Apple iPhone X Expectations Are Still Too High

According to analysts, Apple iPhone X expectations are still too high, despite stock pullback. Nicolas Baratte, an analyst from CLSA says iPhone X volume forecasts remain overestimated, regardless of a correction last week.

The company’s stock cut down 2.5 percent from 50 million to 30 million.  

Baratte says, “We maintain that 2017 fourth-quarter iPhone X volumes were at 30 to 35 million and we are very skeptical that volumes will increase in the first quarter of 2018.”

However, this still doesn’t change the demand and push-out of the product. He says, “consumers who wanted to get an iPhone X in December 2017 already have it.” Nonetheless, any expectations that forecast first-quarter volume over 35 million units will be too high.

Piper Jaffray restated its overweight rating and $200 price target on the company, following a recent survey of iPhone users.

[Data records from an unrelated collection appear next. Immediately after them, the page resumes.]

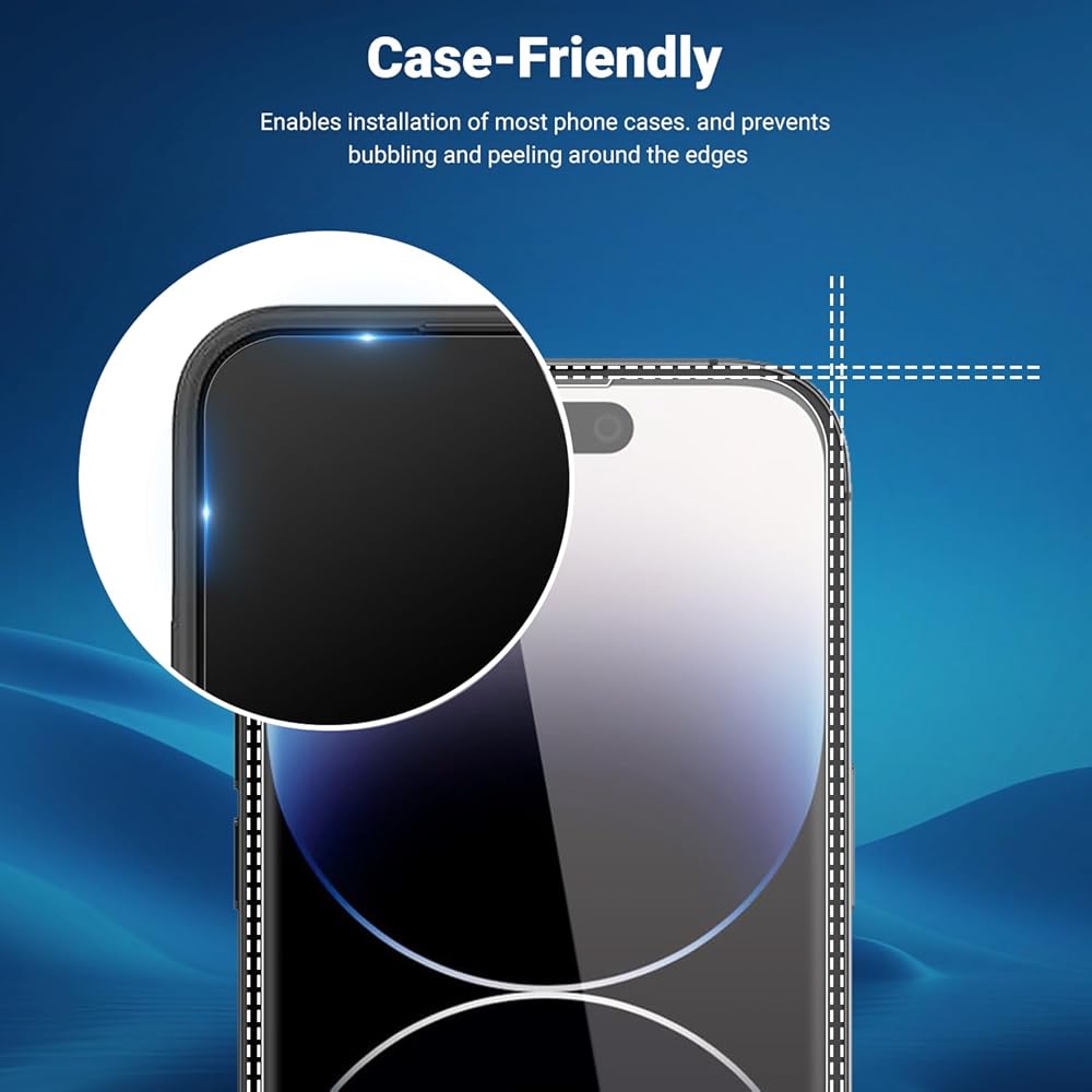 • متوافق مع Face ID: تم تصميمه بدقة لهاتف iPhone 14 Pro 6.1 بوصة، ولا يتداخل واقي الشاشة هذا مع ميزة Face ID.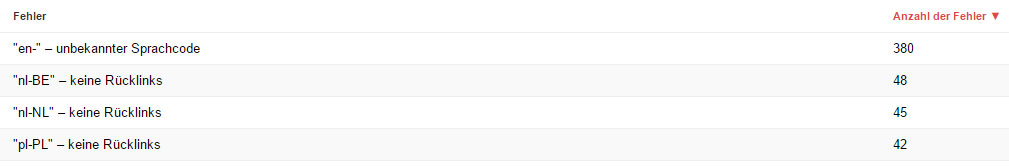 - „Keine Rücklinks“ sind ein Hinweis darauf, dass der Link im betroffenen hreflang-Tag selbst entweder keine oder fehlerhafte rückverlinkende hreflang-Tags aufweist. Hier muss sichergestellt sein, dass jede Seite, auf die per hreflang-Tag verwiesen wird, ebenfalls per hreflang-Tag auf die entsprechende Seite zurück verweist.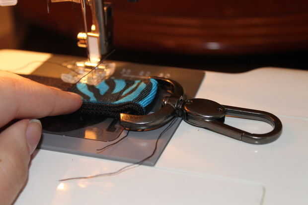 El lado opuesto de la correa es donde debe ir su cierre. Doble la correa a través de la hebilla dejando aproximadamente una pulgada de material en la parte posterior de correa. Como usted hizo con la manija, coser por el borde de la hebilla y coser aproximadamente una pulgada cerca de la orilla. Recuerda cuando termines para recortar hilos sueltos.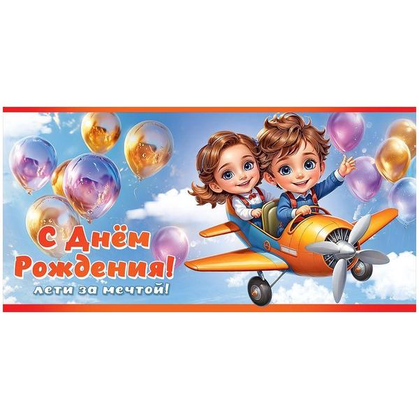 Конверт для денег Праздник 410 Детский- С Днём рождения! Лети за мечтой!, 168*84мм, глянцевый УФ-лак, текст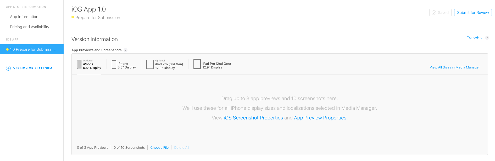 11. In Version Information, first add the screenshots of your app.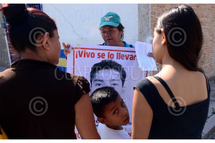 IGUALA, GUERRERO, 05MARZO2016.- Finalizó la segunda jornada de búsqueda de información en las colonias del municipio. Padres de los 43, estudiantes normalistas e integrantes de organizaciones sociales recorrieron las calles para pegar carteles y repartir volantes a los igualtecas solicitando información, se instalaron también urnas en varios puntos de la ciudad para que las personas puedan depositar de forma escrita cualquier testimonio que pueda ayudar a esclarecer el caso de los 43 normalistas de Ayotzinapa. FOTO: ISABEL MATEOS /CUARTOSCURO.COM

This survey reinforced Michael Olson’s expectation that a significant number of new models of iPhone will be sold in the fiscal year of 2018. This increases their confidence—”Our iPhone average selling price assumption of $720, therefore, appears achievable, increasing our confidence in revenue and earnings per share estimates.”

However, if the volume is problematic for Apple in the new year, then both Olson and Baratte agree that the price for the iPhone X should be cut. These cuts could provide a cheaper option for those who are looking for more screen space on their smartphone.